Performance of quantum batteries with correlated and uncorrelated chargers

TL;DR

This paper investigates how correlated and uncorrelated electromagnetic chargers affect the energy storage, ergotropy, and quantum correlations in quantum batteries, revealing that correlations can enhance energy extraction.

Contribution

It introduces a comparative analysis of quantum batteries charged by correlated versus uncorrelated fields, highlighting the impact of correlations on energy storage and quantum properties.

Findings

Correlated chargers increase ergotropy compared to uncorrelated ones.

Using coherent states improves charging power.
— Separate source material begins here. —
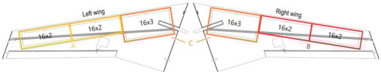 As shown in Figure 8, there are three separate solar module chains. The chain of two 16 × 2 modules connected in series on the left wing is assigned as chain A, the chain of two 16 × 2 modules connected in series on the right wing is assigned as chain B and the chain of 16 × 3 modules connected in series is assigned as chain C.

Quantum and classical correlations are generated during charging.

Abstract

Energy can be stored in quantum batteries by electromagnetic fields as chargers. In this paper, the performance of a quantum battery with single and double chargers is studied. It is shown that by using two independent charging fields, prepared in coherent states, charging power of the quantum battery can be significantly improved, though the average number of embedded photons are kept the same in both scenarios. Then the results reveal that for the case of initially correlated states of the chargers the amount of extractable energy, measured by ergotropy, is more than initially uncorrelated ones, with appropriate degrees of field's intensities. Though the correlated chargers lead to greater reduction in purity of quantum battery, more energy and in turn, more ergotropy is stored in this case. In addition, we study the battery-charger mutual information and Von Neumann entropy and by using their relation, we find that both quantum and classical correlations are generated between the quantum battery and chargers. Then we study quantum consonance of the battery as the non-local coherence among it's cells and find some qualitative relations between the generation of such correlations and the capability of energy storage in the quantum battery.